Description of the task → Leave out every picture, then transcribe the rest of the listing exactly.

Task data →
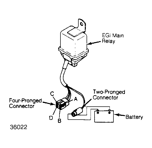 - If voltage is present at two pronged connector of the main relay, check continuity of main relay. Apply battery voltage and ground to the main relay side of the 2-pronged connector.
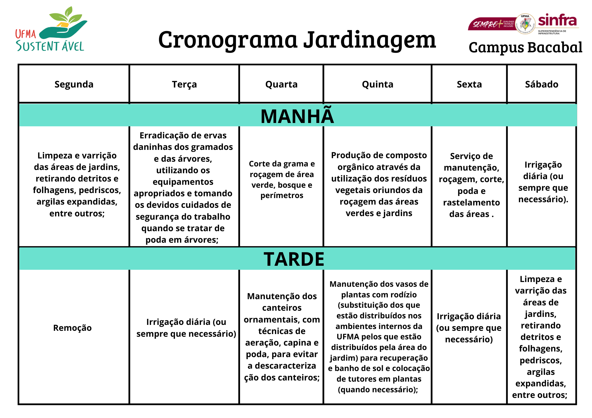 #UFMA #SINFRA #DICMA #Conservação #MeioAmbiente #JardinagemUFMA
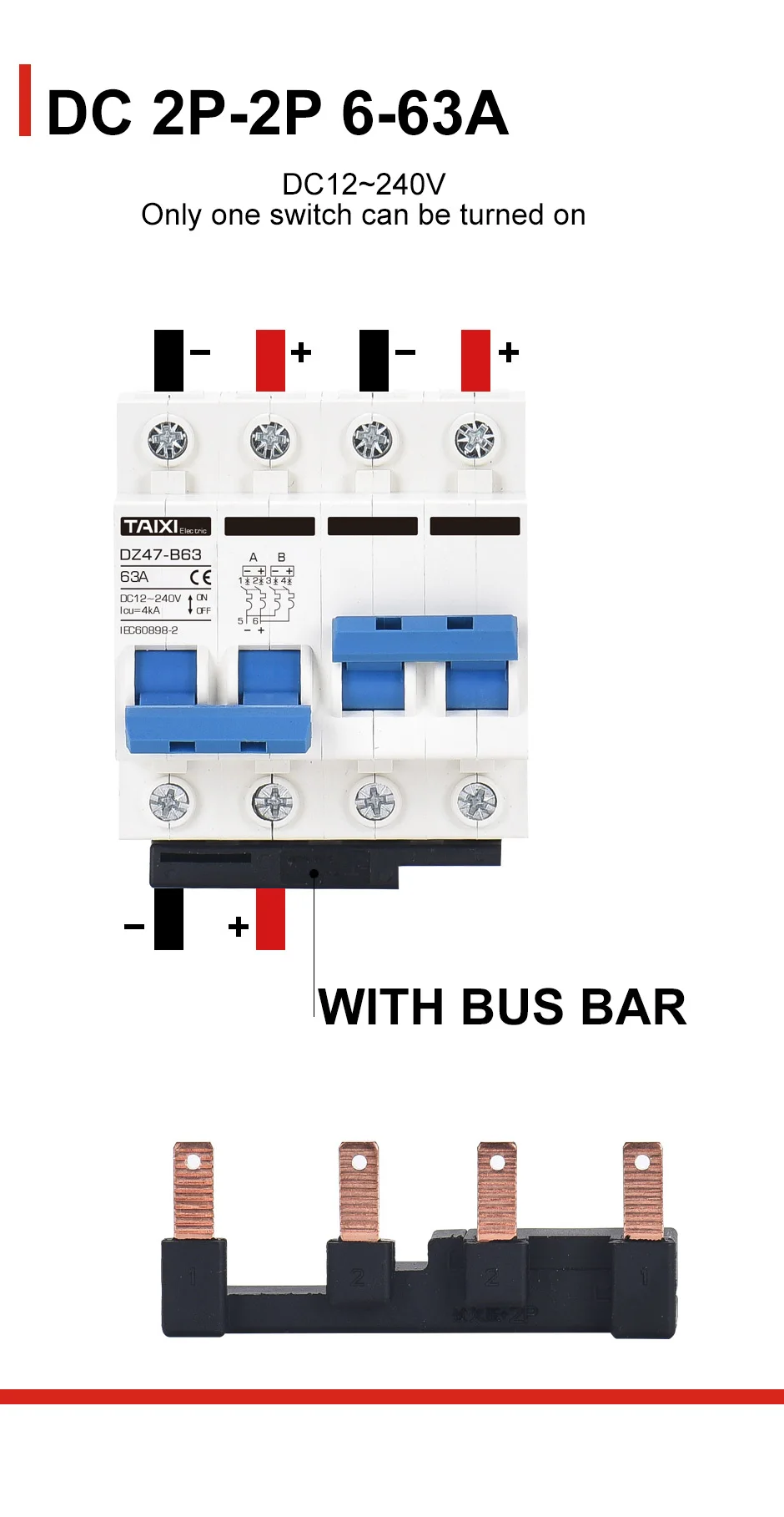 ● Полярный номер: 1 P (1 полюс), 2P (1 полюс), 1 P + 1 P (двойной выключатель питания с функцией блокировки), 2P + 2P (двойной выключатель питания с функцией блокировки)
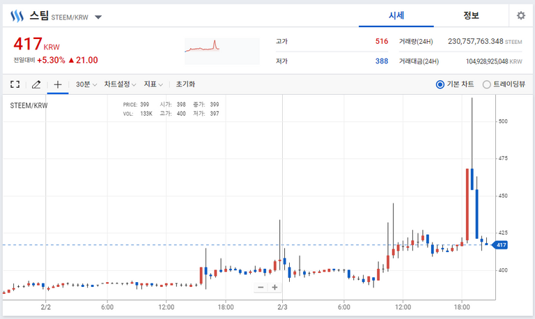 It's not like there's good news, but it's because of the pumping of power that it went up like this. If Steem was a large coin, they wouldn't be able to do it this way. It's because the team is so happy... The field that seemed to rise is sinking again I'll let go of my impatience and wait.
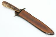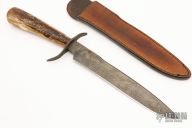 This Fighter by Journeyman Smith Rob Patton features a recurve Damascus blade with a false top edge, .208" blade stock and 1.201" blade depth, hidden tang construction. The handle has a steel guard and an Artifact fossil walrus ivory grip. This piece of artifact fossil walrus ivory has fire spindle holes and a small hole for a lanyard, very cool piece of material. Comes with a brown leather sheath. Excellent condition.

Exercise answer →
 - If voltage is present at two pronged connector of the main relay, check continuity of main relay. Apply battery voltage and ground to the main relay side of the 2-pronged connector.
 #UFMA #SINFRA #DICMA #Conservação #MeioAmbiente #JardinagemUFMA
 ● Полярный номер: 1 P (1 полюс), 2P (1 полюс), 1 P + 1 P (двойной выключатель питания с функцией блокировки), 2P + 2P (двойной выключатель питания с функцией блокировки)
 It's not like there's good news, but it's because of the pumping of power that it went up like this. If Steem was a large coin, they wouldn't be able to do it this way. It's because the team is so happy... The field that seemed to rise is sinking again I'll let go of my impatience and wait.
 This Fighter by Journeyman Smith Rob Patton features a recurve Damascus blade with a false top edge, .208" blade stock and 1.201" blade depth, hidden tang construction. The handle has a steel guard and an Artifact fossil walrus ivory grip. This piece of artifact fossil walrus ivory has fire spindle holes and a small hole for a lanyard, very cool piece of material. Comes with a brown leather sheath. Excellent condition.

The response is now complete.